= Neal Evans =

Canadian businessman

Neal "Curly" Evans (c. 1888–1945) was a freight industry entrepreneur in the Bridge River–Lillooet Country of the Interior of British Columbia, Canada. He acquired a reputation in that region for his enterprise, daring, and personality.

Evans was born in the Dakotas and came to the Cariboo as a boy. His nickname derives from the curly, dark hair of his youth ("a mass of raven locks"), although later in life he was balding. His freighting career spanned the age from times on the Cariboo Road to bush piloting, instructed by no less than Ginger Coote, who pioneered flying in the Bridge River and Fort St.

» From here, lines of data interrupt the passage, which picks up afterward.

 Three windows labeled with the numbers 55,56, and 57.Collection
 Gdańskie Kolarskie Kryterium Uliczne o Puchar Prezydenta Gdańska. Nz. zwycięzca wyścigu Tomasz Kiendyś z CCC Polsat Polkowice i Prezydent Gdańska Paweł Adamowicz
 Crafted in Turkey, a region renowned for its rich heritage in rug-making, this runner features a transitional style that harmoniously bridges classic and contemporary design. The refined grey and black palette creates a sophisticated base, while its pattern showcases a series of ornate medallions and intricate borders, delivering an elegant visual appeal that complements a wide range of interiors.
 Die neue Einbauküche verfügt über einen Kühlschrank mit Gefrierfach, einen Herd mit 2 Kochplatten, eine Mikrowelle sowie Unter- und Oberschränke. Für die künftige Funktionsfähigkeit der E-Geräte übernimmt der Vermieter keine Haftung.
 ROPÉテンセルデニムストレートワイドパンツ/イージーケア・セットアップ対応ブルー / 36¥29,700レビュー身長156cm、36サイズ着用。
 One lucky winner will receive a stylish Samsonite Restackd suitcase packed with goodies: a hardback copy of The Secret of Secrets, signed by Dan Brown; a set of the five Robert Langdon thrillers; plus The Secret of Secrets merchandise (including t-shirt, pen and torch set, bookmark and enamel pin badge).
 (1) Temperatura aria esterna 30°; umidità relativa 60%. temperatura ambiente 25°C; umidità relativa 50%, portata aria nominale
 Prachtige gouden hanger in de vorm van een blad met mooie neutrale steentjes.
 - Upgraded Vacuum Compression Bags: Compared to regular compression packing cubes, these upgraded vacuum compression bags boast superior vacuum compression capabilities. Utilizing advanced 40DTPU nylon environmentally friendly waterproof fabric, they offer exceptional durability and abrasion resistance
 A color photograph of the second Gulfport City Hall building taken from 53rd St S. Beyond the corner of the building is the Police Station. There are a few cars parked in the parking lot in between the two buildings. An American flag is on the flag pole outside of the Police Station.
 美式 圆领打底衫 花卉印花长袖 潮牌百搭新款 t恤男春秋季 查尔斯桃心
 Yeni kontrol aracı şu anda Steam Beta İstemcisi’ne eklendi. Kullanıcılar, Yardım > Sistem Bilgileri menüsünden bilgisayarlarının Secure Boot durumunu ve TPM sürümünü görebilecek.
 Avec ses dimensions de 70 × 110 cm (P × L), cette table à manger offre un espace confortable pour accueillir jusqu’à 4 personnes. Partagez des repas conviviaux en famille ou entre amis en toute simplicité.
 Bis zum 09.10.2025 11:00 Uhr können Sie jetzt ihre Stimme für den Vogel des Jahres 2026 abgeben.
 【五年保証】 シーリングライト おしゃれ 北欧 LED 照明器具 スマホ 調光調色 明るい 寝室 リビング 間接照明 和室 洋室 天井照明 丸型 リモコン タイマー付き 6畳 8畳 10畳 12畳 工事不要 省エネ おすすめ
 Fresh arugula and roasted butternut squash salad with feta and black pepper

James areas of BC. Around 1910, Evans was employed by the BC Express Company (formerly Barnard's Express) out of Ashcroft, British Columbia. Like many others in this region, he also became a cowboy and a miner.

As gold extraction began to boom into the Bridge River Goldfields, Evans was one of the many who started freighting operations to supply the mines and prospectors in that area and earned a reputation for reliability in delivering freight despite all obstacles, including floods, mountain slides and blizzards. With the development of a proper road into the Upper Bridge River from Shalalth on Seton Lake, Evans expanded his personal operation into a fleet of trucks and passenger vehicles, eventually becoming the owner of one of the largest transportation firms in the BC Interior, most of its business derived from Bralorne Mine and other Bridge River mining camps, and also from the construction of the Bridge River Power Project. Although never seen to fruition, Evans intended his company to expand into air freight.